Kennis van de ergonomische basisprincipes van werkplekorganisatie is noodzakelijk voor zowel stagiaires en beginnende specialisten als ervaren tandartsen.

Inhoud

  • Wat is ergonomie?
  • Ergonomische uitdagingen in de tandheelkunde
  • Vier basisconcepten
  • Ergonomie in de tandartspraktijk
    • Positie van de dokter
    • patiënt positie
  • Rationele uitwisseling van hulpmiddelen tussen arts en assistent
    • Parallelle vervangingsmethode:
    • Rotary swap-methode:
    • Basis grip en fixatie

Wat is ergonomie?

Eerst moet u begrijpen wat ergonomie is in de geneeskunde. Het is een aparte sectie in de toegepaste geneeskunde die zich richt op arbeidsomstandigheden om de workflow te optimaliseren. De term werd geïntroduceerd in 1949, het betekent letterlijk de wet van werk, uitrusting. Er zijn veel wetenschappelijke, diploma-werken en samenvattingen over dit onderwerp geschreven.

Discipline is nodig om een ​​baan, een werkplek, aan te passen. De belangrijkste taak is het efficiënt en veilig vervullen van de taken van een medisch werker in relatie tot zichzelf, medewerkers en de patiënt.

instagram viewer

Ergonomie omvat de volgende zaken:

  • optimalisatie van arbeidsomstandigheden op de werkvloer;
  • ontwikkeling van de positie van arts en patiënt;
  • ontwikkeling van de optimale positie en afstand tot gereedschappen en apparatuur;
  • ontwikkeling van algoritmen voor de verplaatsing van medisch personeel.

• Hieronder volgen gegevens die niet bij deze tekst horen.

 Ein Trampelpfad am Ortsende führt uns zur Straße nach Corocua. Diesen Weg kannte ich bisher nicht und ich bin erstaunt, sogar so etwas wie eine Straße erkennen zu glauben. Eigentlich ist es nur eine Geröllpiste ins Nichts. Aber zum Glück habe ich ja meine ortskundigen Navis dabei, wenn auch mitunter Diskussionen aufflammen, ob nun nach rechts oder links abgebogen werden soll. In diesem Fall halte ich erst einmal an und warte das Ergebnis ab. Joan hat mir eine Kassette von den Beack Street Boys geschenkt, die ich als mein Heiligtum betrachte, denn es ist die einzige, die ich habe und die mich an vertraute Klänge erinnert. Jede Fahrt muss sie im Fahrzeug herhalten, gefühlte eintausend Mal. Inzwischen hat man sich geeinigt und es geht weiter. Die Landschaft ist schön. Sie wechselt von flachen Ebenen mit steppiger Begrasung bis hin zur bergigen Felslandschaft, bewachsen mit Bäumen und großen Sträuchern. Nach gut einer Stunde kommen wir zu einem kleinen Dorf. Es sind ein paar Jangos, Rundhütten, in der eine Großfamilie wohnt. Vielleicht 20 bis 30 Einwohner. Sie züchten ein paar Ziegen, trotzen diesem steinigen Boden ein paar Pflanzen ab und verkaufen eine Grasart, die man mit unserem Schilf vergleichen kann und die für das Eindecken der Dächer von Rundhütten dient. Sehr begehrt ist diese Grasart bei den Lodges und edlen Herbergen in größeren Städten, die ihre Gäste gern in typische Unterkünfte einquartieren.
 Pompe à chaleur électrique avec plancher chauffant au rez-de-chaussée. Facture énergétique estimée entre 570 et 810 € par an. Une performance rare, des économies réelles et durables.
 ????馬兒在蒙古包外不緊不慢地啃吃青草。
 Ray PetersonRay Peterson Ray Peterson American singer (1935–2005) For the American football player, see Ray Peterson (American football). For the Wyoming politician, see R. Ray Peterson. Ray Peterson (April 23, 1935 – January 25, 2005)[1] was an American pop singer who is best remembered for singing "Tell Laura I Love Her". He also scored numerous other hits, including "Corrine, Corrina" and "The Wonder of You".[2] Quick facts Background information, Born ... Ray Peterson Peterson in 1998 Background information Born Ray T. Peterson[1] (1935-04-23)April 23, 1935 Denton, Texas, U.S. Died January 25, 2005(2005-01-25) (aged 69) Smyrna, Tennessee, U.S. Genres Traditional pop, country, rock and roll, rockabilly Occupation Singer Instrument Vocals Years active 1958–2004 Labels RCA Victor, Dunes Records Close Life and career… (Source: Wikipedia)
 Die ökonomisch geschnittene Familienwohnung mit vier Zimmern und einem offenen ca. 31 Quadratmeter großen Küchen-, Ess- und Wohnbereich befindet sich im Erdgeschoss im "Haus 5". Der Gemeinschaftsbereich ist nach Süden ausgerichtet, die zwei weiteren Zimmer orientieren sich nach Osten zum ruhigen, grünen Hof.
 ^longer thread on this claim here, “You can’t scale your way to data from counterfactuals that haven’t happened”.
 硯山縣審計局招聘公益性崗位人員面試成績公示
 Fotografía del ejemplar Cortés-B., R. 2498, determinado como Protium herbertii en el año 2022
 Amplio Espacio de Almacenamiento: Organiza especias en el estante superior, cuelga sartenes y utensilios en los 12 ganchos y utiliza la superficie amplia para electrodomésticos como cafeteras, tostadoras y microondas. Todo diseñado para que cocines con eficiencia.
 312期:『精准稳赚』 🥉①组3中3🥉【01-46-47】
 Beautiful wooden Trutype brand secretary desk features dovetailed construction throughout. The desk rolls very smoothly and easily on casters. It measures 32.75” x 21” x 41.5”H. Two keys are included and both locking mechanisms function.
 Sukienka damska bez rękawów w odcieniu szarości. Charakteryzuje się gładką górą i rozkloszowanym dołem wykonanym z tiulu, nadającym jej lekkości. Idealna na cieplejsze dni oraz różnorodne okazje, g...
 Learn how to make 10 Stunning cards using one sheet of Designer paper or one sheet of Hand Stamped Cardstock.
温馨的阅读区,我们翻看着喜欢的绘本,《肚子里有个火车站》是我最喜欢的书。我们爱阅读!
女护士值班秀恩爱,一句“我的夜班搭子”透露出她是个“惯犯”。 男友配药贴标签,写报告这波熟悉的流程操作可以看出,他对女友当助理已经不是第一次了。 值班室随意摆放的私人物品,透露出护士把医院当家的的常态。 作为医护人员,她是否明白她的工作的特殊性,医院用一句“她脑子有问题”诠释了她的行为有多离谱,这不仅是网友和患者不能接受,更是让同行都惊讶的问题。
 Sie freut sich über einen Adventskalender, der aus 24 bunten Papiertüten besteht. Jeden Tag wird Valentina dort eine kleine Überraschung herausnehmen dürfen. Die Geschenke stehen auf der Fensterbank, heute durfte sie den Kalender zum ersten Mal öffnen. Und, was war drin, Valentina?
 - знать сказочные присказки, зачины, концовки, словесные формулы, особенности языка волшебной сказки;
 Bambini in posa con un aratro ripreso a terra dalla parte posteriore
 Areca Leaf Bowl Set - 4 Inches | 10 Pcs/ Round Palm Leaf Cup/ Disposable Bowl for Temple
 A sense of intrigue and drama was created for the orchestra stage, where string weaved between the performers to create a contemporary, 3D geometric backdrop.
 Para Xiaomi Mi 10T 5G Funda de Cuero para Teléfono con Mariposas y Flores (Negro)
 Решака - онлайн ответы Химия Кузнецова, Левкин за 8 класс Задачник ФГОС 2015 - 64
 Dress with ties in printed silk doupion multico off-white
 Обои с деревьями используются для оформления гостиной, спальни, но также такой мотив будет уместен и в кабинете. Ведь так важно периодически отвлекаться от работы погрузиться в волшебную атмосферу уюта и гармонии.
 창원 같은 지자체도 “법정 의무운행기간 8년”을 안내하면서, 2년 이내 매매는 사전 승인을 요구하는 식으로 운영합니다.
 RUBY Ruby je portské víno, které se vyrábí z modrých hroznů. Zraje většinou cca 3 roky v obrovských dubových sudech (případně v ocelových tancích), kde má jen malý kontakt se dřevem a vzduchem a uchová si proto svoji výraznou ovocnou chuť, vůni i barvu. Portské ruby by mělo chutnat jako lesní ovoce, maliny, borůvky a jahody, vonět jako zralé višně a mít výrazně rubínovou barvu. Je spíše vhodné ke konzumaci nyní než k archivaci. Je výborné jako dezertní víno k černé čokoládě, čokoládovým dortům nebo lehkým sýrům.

Het niet naleven van deze regels leidt tot overmatige inspanningen en lichaamsbewegingen, wat leidt tot overbelasting van het lichaam. Speciale aandacht wordt besteed aan de organisatie van de werkplek.

Er wordt rekening gehouden met fysieke momenten, afhankelijk van de specifieke kenmerken van het werk - lichaamsspanning, het vermogen om positie en houding te behouden, optimale visuele en auditieve mogelijkheden.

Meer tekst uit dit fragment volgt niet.